Moviegoing always dips on Christmas Eve day, and this year was no exception. Force Awakens saw its lowest midweek gross, or $27.6 million. Still, it topped Avatar's Christmas Eve 2009 record of $11.2 million. Overseas, the Disney and Lucasfilm tentpole took in $20 million Thursday for a worldwide total of $813.5 million, the No. 3 film of the year.

Abrams' critically acclaimed movie, set 30 years after the events of Star Wars: Episode VI – Return of the Jedi, features a strong female heroine in Rey, a young scavenger played by newcomer Daisy Ridley. Rey and a renegade stormtrooper (John Boyega) band together to challenge a rising evil that includes a new planet-killing laser cannon.

The film also stars Oscar Isaac, Adam Driver, Lupita Nyong'o and Domhnall Gleeson, along with original trilogy stars Harrison Ford, Mark Hamill and Carrie Fisher.

There's no telling how high Force Awakens will ultimately fly in terms of box-office revenue, since films over the year-end holidays can see huge multiples. James Cameron's Avatar opened to $77 million on the same weekend in 2009 on its way to becoming the top-grossing film of all time with $2.79 billion in global ticket sales, including $760.5 million domestically. And on the weekend before Christmas in 1996, Cameron's Titanic took in a mere $28.6 million on its way to grossing $2.19 billion worldwide.

Elsewhere in North America, Alvin and the Chipmunks: The Road Chip stayed at No. 2, grossing $2 million Wednesday from 3,653 locations for a domestic total of $26.7 million.

Adam McKay's awards contender The Big Short, starring Christian Bale, Steve Carell, Ryan Gosling, Brad Pitt and Melissa Leo, earned an estimated $1.7 million from 1,577 theaters million for a total of $5.8 million. The financial dramedy, from Paramount and New Regency, expanded nationwide on Wednesday.

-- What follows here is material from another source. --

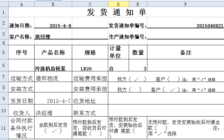 武漢洪經理訂購的LB冷凍機齒輪泵昨天已發貨。以下是明細發貨通知單:
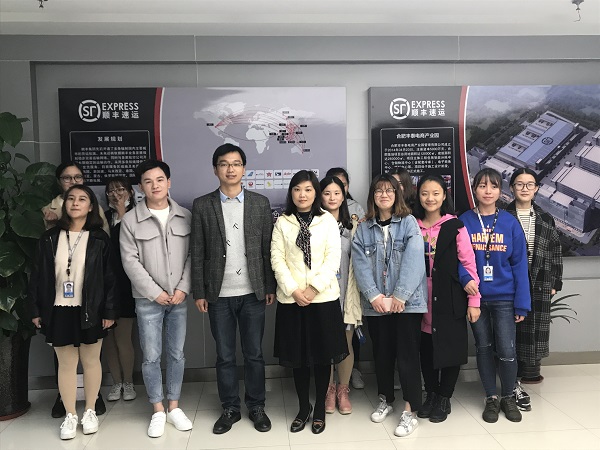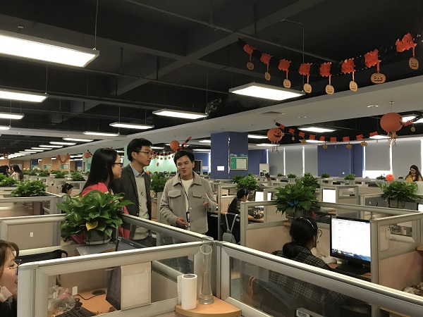 安徽顺丰通讯服务有限公司客服管理部高级经理郭涛接待了周景一行,并陪同参观了毕业生的工作环境,了解了其实习工作内容。

The holiday marquee will get even more crowded as four other movies open nationwide today; Concussion, Joy, Point Break and Daddy's Home, which earned $1.2 million during Christmas Eve previews. The $50 million broad comedy starring Will Ferrell and Mark Wahlberg will likely place No. 2 with $20 million to $25 million from 3,271 theaters for the weekend. Moviegoing generally surges on the afternoon of Christmas Day.

At the specialty box office, Quentin Tarantino's The Hateful Eight commences its exclusive 70mm film run in 100 theaters on Christmas Day, while Alejandro G. Inarritu's The Revenant opens in four theaters in New York and Los Angeles.


----------